Each entry below should be written out exactly as it is, with no pictures.

- **Supplied records**

- Opening Delimiter -

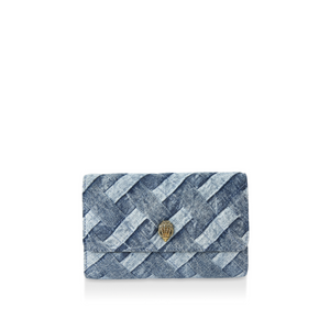 El monedero de cadena Kensington está confeccionado con una tela de mezclilla con un estampado de lavado ácido. La cabeza de águila en latón envejecido cuenta con cristales y ojos de cuentas negras en la solapa frontal. Medidas: 12.5 cm (alto), 19.5 cm (largo), 2.3 cm (profundidad). Caída de la correa: 60 cm. Correa de cadena en latón envejecido. Cierre de botón a presión bajo la solapa. Placa de latón envejecido con marca en la parte trasera. Capacidad para hasta seis tarjetas clásicas. Bolsillo interno con cremallera. Exterior: Mezclilla. Interior: Forro de cuero sintético.
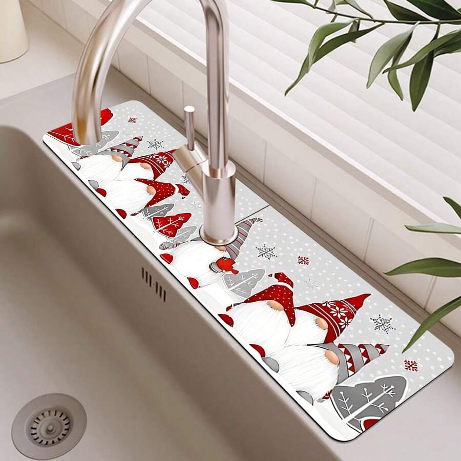1pc Christmas Theme, Christmas Gnome Pattern Diatom Mud Faucet Absorbent Pad-Anti-Slip, Moisture-Proof And Splash-Proof Guard, Suitable For Kitchen And Bathroom Countertops.
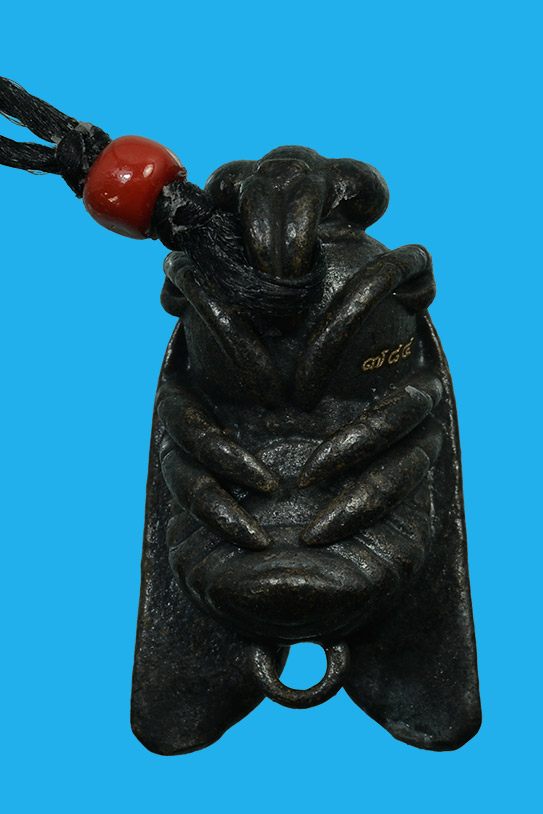 พญาแมลงภู่คำ ลักษณะ เนื้อชนวนรมดำ เพศ ตัวเมีย ขาทะลุ ผู้สร้าง/ปลุกเสก สล่าปะอ่อง จองคำ แหล่งที่มา แม่ฮ่องสอน ปีที่จัดสร้าง พ.ศ. ๒๕๖๒ (ปี 2562) |
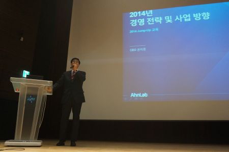 점프 업(Jump-up) 스쿨 첫 강연은 작년 12월 새로 취임된 권치중 CEO의 ‘2014 안랩의 사업방향에 대한 연설로 시작됐다.
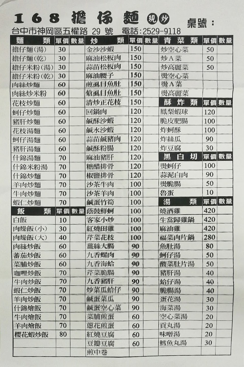 2024最新在地推薦餐廳的菜單_168擔仔麵 平價現炒的菜單、圖片

- Closing Delimiter -

- **Reply**
 El monedero de cadena Kensington está confeccionado con una tela de mezclilla con un estampado de lavado ácido. La cabeza de águila en latón envejecido cuenta con cristales y ojos de cuentas negras en la solapa frontal. Medidas: 12.5 cm (alto), 19.5 cm (largo), 2.3 cm (profundidad). Caída de la correa: 60 cm. Correa de cadena en latón envejecido. Cierre de botón a presión bajo la solapa. Placa de latón envejecido con marca en la parte trasera. Capacidad para hasta seis tarjetas clásicas. Bolsillo interno con cremallera. Exterior: Mezclilla. Interior: Forro de cuero sintético.
1pc Christmas Theme, Christmas Gnome Pattern Diatom Mud Faucet Absorbent Pad-Anti-Slip, Moisture-Proof And Splash-Proof Guard, Suitable For Kitchen And Bathroom Countertops.
 พญาแมลงภู่คำ ลักษณะ เนื้อชนวนรมดำ เพศ ตัวเมีย ขาทะลุ ผู้สร้าง/ปลุกเสก สล่าปะอ่อง จองคำ แหล่งที่มา แม่ฮ่องสอน ปีที่จัดสร้าง พ.ศ. ๒๕๖๒ (ปี 2562) |
 점프 업(Jump-up) 스쿨 첫 강연은 작년 12월 새로 취임된 권치중 CEO의 ‘2014 안랩의 사업방향에 대한 연설로 시작됐다.
 2024最新在地推薦餐廳的菜單_168擔仔麵 平價現炒的菜單、圖片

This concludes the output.